2.4. Time-Lapse Video Microscopy

PC12 stably expressing pDsRed2-mito were seeded at low density on coverslips previously coated with the polymer and treated for one week with Nerve Growth Factor (NGF; 100ng/ml, Sigma, France) as previously described [10]. Cells were then visualized using an inverted Leica microscope under bright field and fluorescence conditions in a thermostatic chamber DMI 6000B. Measurements were performed at a temperature of 37 °C. A Carl Zeiss (Jena, Germany) plan achromatic 10x oil immersion objective (0.25 NA) was used to enable a broad field of view. Images were taken every 60 seconds for 30 minutes using the Metamorph software (Microscopy Automation and Image Analysis software - Molecular devices). A phase contrast imaging was performed to analyze cell shapes and areas. The Neurite Outgrowth Applications Module allowed to measure and characterize outgrowths from the cell bodies. Acquisition of fluorescence images was performed to analyze pDsRed2-mito labeled mitochondria. Images were deconvolved using Huygens Essential® software (Scientific Volume Imaging, Hilversum, The Netherlands) and Imaris 8.0® software (Bitplane, Zurich, Switzerland) was used for 3D processing, morphometric analysis and mitochondria tracking.
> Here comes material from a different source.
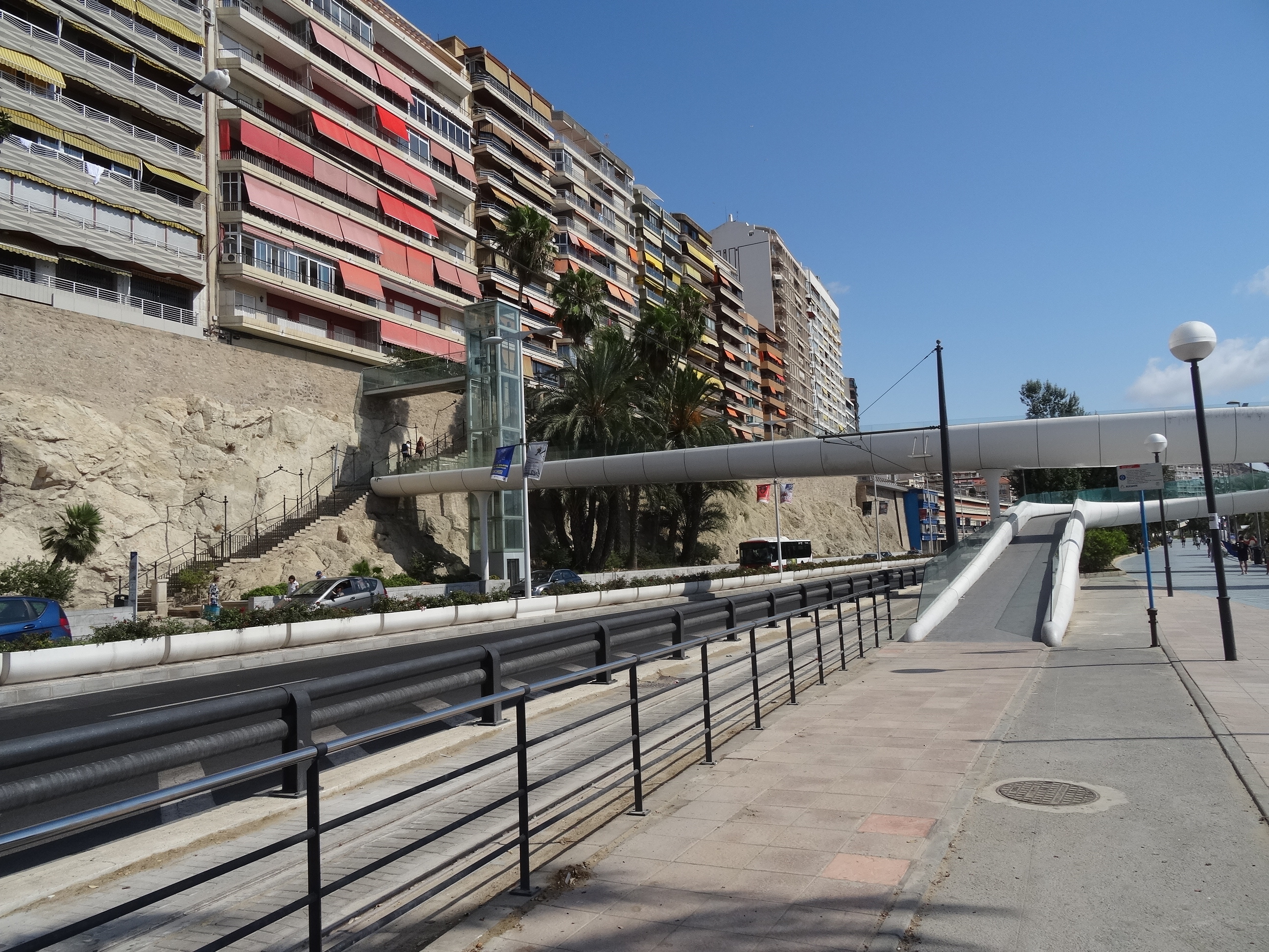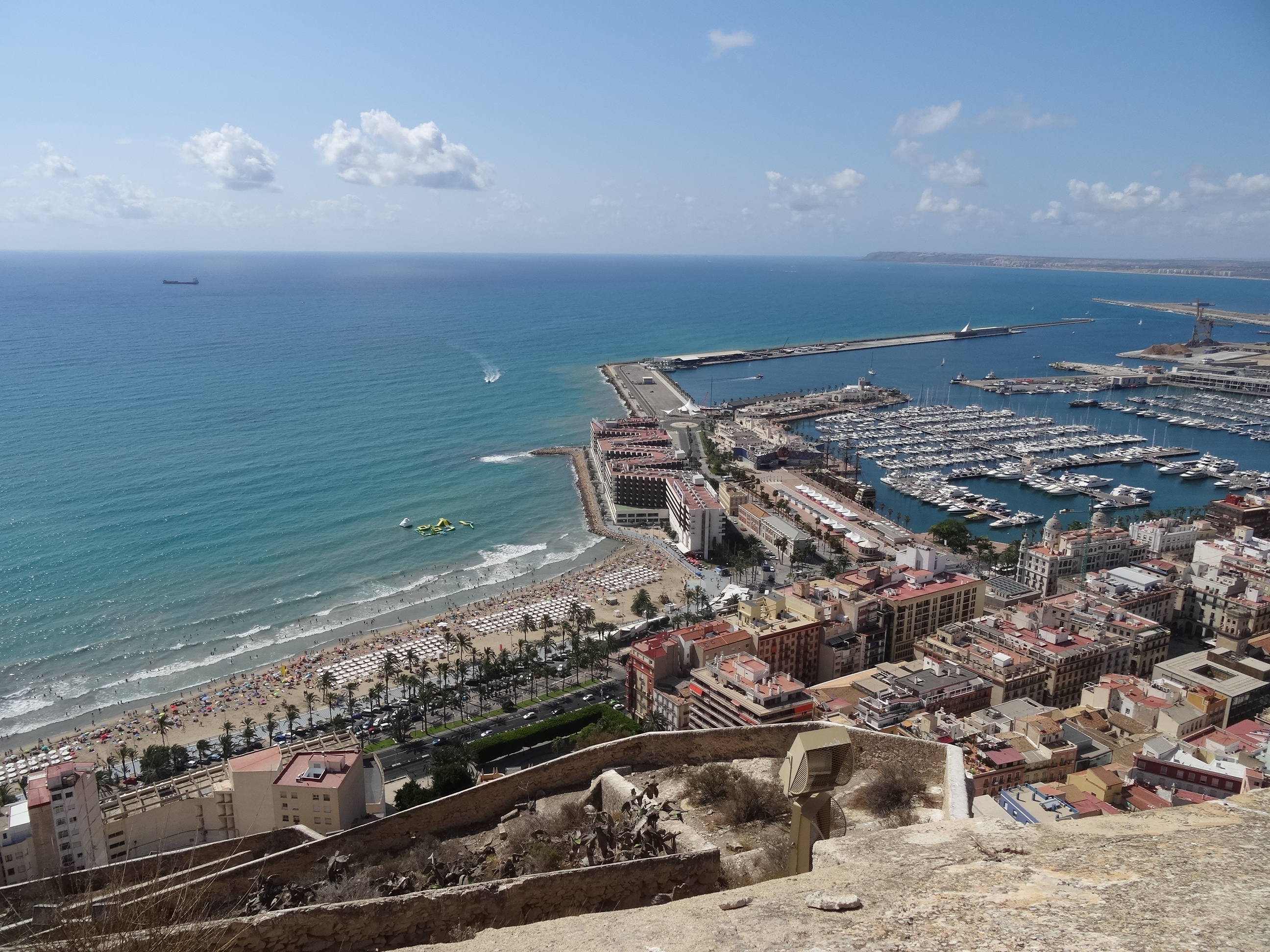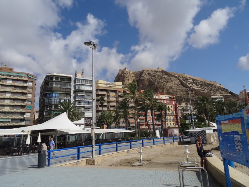 Am continuat apoi pe străduțele înguste ale orașului vechi, pe lângă catedrală și frumoasa clădire a primăriei pana am ajuns la promenada de la malul mării, bulevardul Esplanada d’Espanya. Aici de o parte se află portul turistic cu o mulțime de iahturi luxoase iar pe partea cealaltă se află plaja principală din Alicante, plaja Postiguet iar deasupra lor sus pe deal se vede cetatea Santa Barbara. Plaja este o frumusețe iar în ziua când am fost noi era arhiplină cu turiști, vremea fiind superbă. Urma însă o săptămâna întreagă petrecută la plajă așa că am preferat să mergem mai departe către cetate. La Santa Barbara se ajunge cel mai ușor cu liftul. De pe promenadă se traversează pe o pasarelă peste autostradă și apoi se merge printr-un tunel lung săpat până prin mijlocului dealului de unde se urcă cu liftul până sus.

2.5. Atomic Force Microscopy

Atomic Force Microscopy (AFM) measurements were performed in the tapping mode using a commercial AFM (Veeco, Autoprobe CP Research). The scan rate was 0.5 line/s and the oscillation frequency was approximatively 300 kHz. Data were processed and analyzed with the WSxM 5.0 software (Nanotec Electronics, Madrid, Spain).

2.6. Scanning Electron Microscopy

For electron microscopy characterization, 100 000 PC-12 cells were seeded on polymer-coated glass slides (Thermofischer, France). Cells were then treated with NGF for one week as previously described [10]. Coverslips were then rinsed in phosphate buffer (0.1M pH 7.4) and fixed in glutaraldehyde (4% in phosphate buffer) for 16 hours and rinsed three times in phosphate buffer. Samples were then post-fixed in osmium tetroxide (1% in water) for 60 min and rinsed three times in distilled water.

For dehydration, we could not use ethanol or butanol as they solubilized the polymer and damaged its surface. On the contrary, it was resistant to 2-propanol, as a substitute for ethanol, and to hexamethyldisilazane (HMDS). So, samples were dehydrated in three non-diluted 2-propanol baths during 30 min, then in a 2-propanol / hexamethyldisilazane (v/v) mixture bath during 45 min followed by two baths of HMDS, the first one during 45 min and the last one left until its complete evaporation. Then, in order to visualize cells, the samples were coated with a very thin layer of platinum with a thickness of 20-nm using a Leica EM ACE 600 (Leica, Rueil-Malmaison, France). Finally, samples were examined with a field emission scanning electron microscope (JEOL 6301 F, Paris, France) with an accelerating voltage of 3 kV under a vacuum of ≈ 10-5 mbars.

3. RESULTS

3.1. Azopolymer: An Adequate Material for Live Cells Imaging

PC12 cells transfected to express the DsRed2 fluorochrome reporter under a mitochondrial targeting signal were seeded on coverslips previously spin-coated with the new biocompatible azopolymer. As shown in the Fig. (1) cell bodies and neurites of transfected PC12 cells were easily observed after 5 days both using phase contrast and fluorescence imaging (Fig. 1A and B). Interestingly, neurite extensions could be well observed. They took the direction of the grating grooves. Arrowheads on Fig. (1C and D) show a neurite end (growth cone), developping toward the groove of the thin film surface pattern. The elongation of the tip of neurites (growth cone) was also visualized, associated with mitochondria trafficking (arrows on Fig. 1E and F). The cellular mechanical response to the photo-structured surfaces had an amplitude modulated surface with a typical pitch of 800 nm and a depth of 100 nm. Probably, as it was previously demonstrated [11], the sensing apparatus of cellular rigidity can also detect discrete sub-micrometer discrepancies in the polymer matrix rigidity. The amplitude modulation of the azopolymer surface is the place for local modulation of the Young modulus due to the photo-induced modification of the material mechanical properties during the trans-cis isomerization [12, 13]. One possible suggestion is that this very small local modification takes place at the minimum of the grooves suggested by a modification of the Raman signal [12, 13].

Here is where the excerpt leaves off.